Personal information
- Full name: Álvaro Daniel Pereira Barragán
- Date of birth: 28 November 1985 (age 40)
- Place of birth: Montevideo, Uruguay
- Height: 1.82 m (6 ft 0 in)
- Position: Wing-back

Team information
- Current team: Tijuana (assistant)

Senior career*
- Years: Team / Apps / (Gls)
- 2003–2004: Miramar Misiones / 28 / (1)
- 2005–2007: Quilmes / 33 / (0)
- 2007–2008: Argentinos Juniors / 35 / (11)
- 2008–2009: CFR Cluj / 29 / (1)
- 2009–2012: Porto / 72 / (2)
- 2012–2015: Inter Milan / 33 / (1)
- 2014: → São Paulo (loan) / 32 / (1)
- 2015: → Estudiantes (loan) / 24 / (2)
- 2016–2018: Estudiantes / 0 / (0)
- 2016: → Getafe (loan) / 6 / (0)
- 2016–2018: → Cerro Porteño (loan) / 24 / (1)
- 2019: Nacional / 5 / (0)
- 2020: River Plate Asunción / 3 / (0)
- 2020: Sereď / 1 / (0)
- 2021: Estudiantes Mérida / 6 / (0)
- Total:  / 331 / (20)

International career
- 2008–2016: Uruguay / 83 / (7)

Managerial career
- 2026–: Tijuana (assistant)

Medal record
Representing Uruguay
Copa América
| Winner | 2011 Argentina |  |

= Álvaro Pereira =

Uruguayan footballer (born 1985)

Álvaro Daniel Pereira Barragán (/es/; born 28 November 1985) is a Uruguayan former professional footballer. Mainly a left-back, he could perform equally as a left midfielder.
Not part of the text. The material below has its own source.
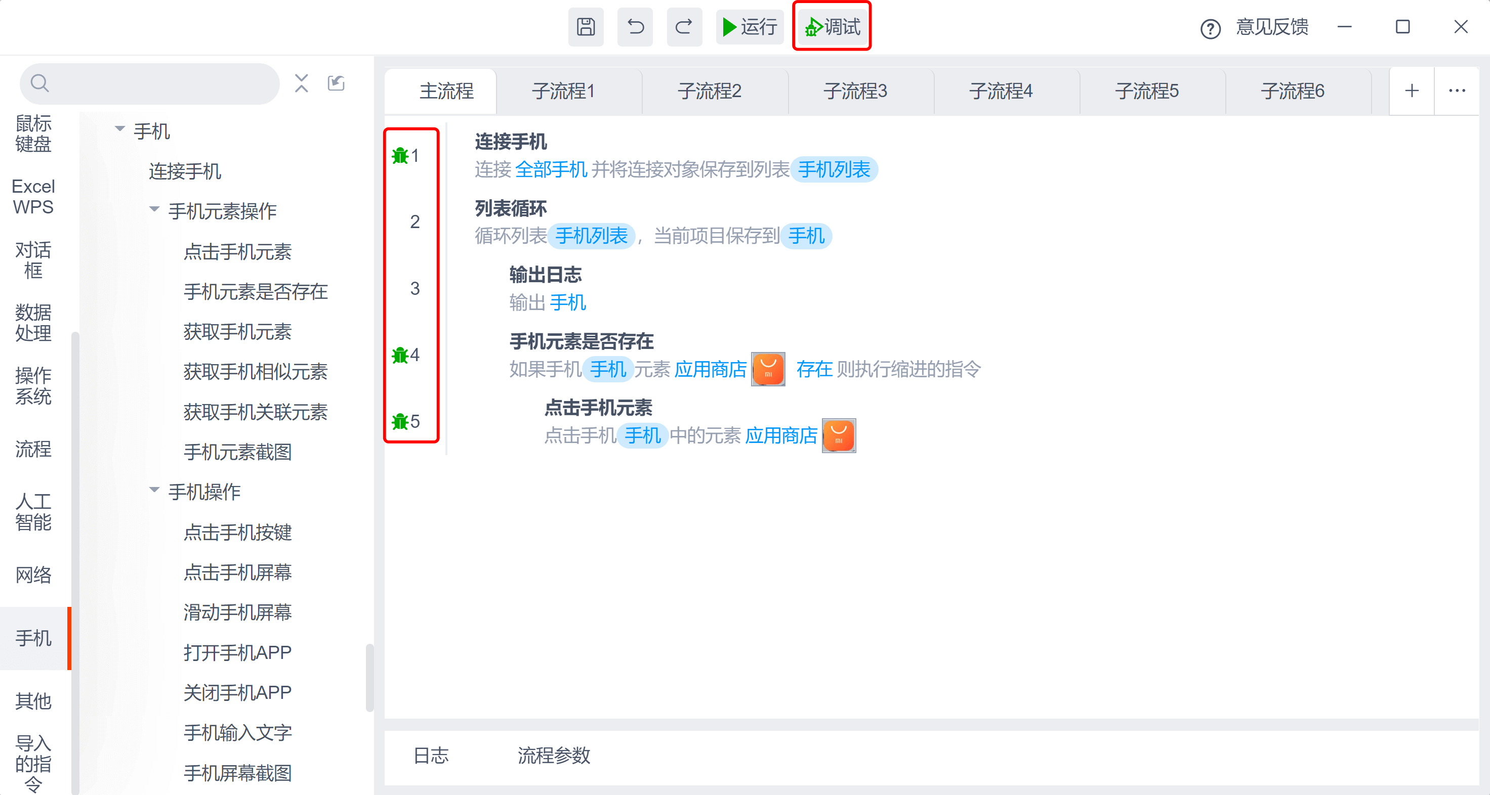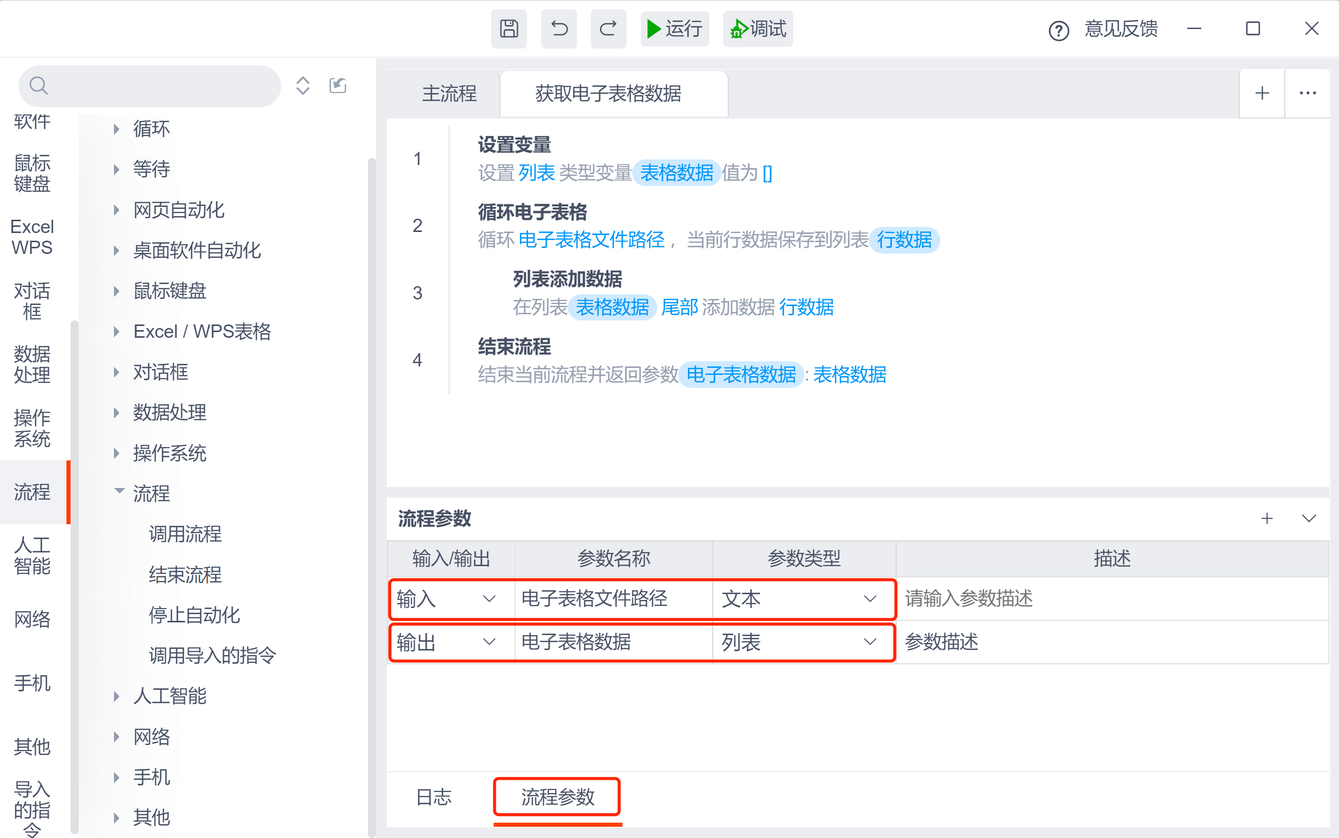 流程参数配置每个子流程的输入输出参数,使用流程-调用流程指令调用子流程 。您可以非常方便的实现单元测试(即:只测试局部流程)

After starting out at Miramar Misiones he went on to play for a host of teams in several countries, mainly Porto and Inter Milan, winning eight major titles with the former club while appearing in 118 competitive matches (three goals).
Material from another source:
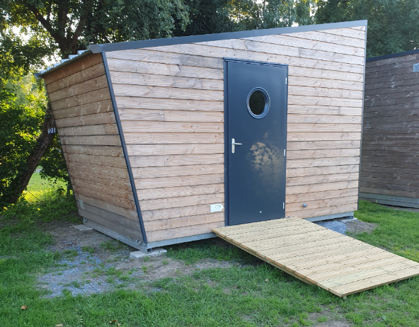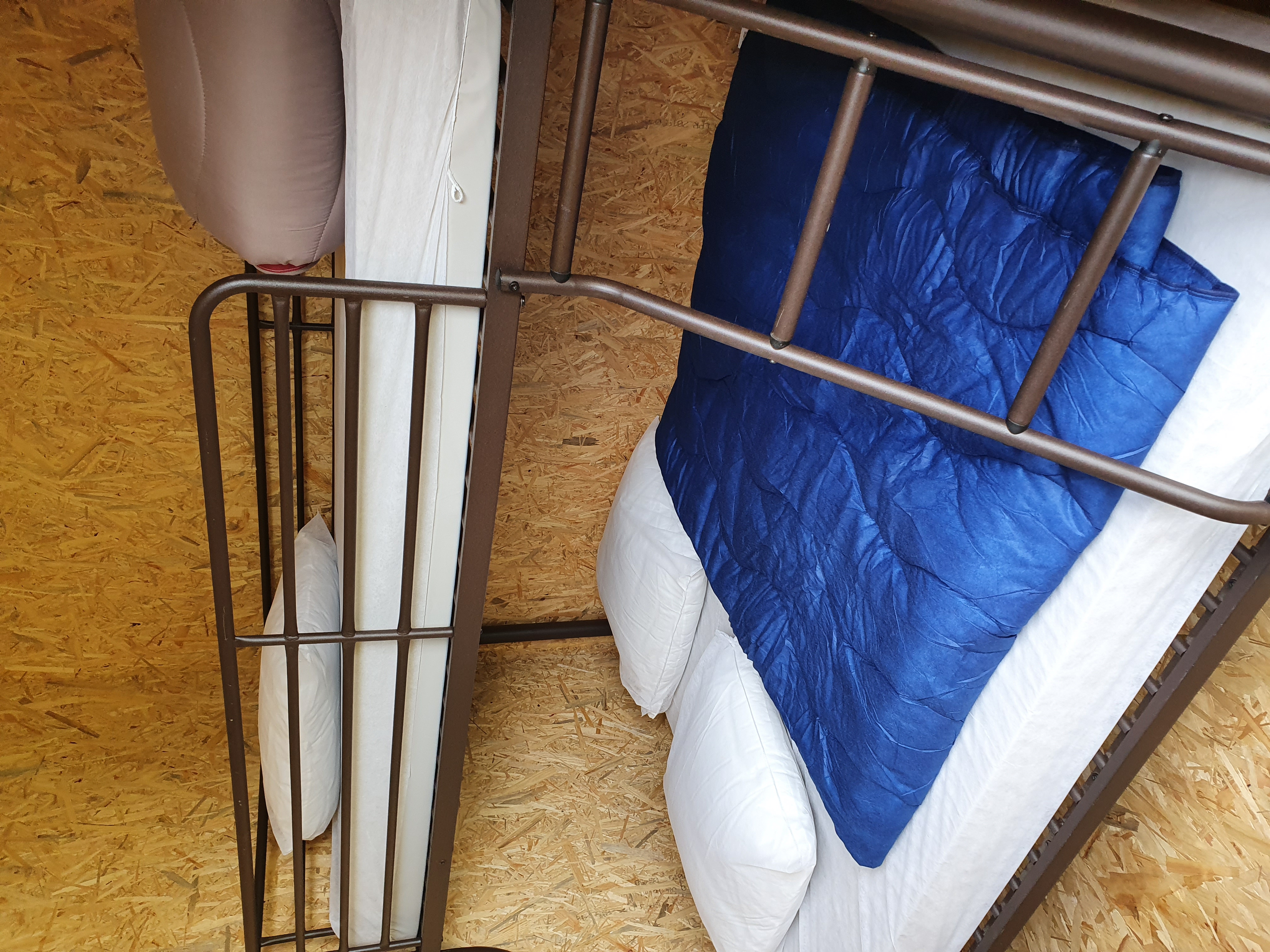 Cabane en bois de 8m² où vous y trouverez un espace couchage fermé équipé d’un lit superposé avec lit double en bas et lit simple en haut (+ couettes et oreillers) et la possibilité de ranger vos vélo en toute sécurité.

A Uruguay international since 2008, Pereira represented his country in two World Cups and three Copa Américas, earning 83 caps and winning the 2011 edition of the latter tournament.

==Club career==
===Early years===
Born in Montevideo, Pereira began his career with Miramar Misiones in 2003, moving to Argentina with Quilmes Atlético Club two years later. After the latter's relegation from the Primera División at the end of the 2006–07 season he joined Argentinos Juniors, finishing as the team's top goalscorer in the 2007 Apertura.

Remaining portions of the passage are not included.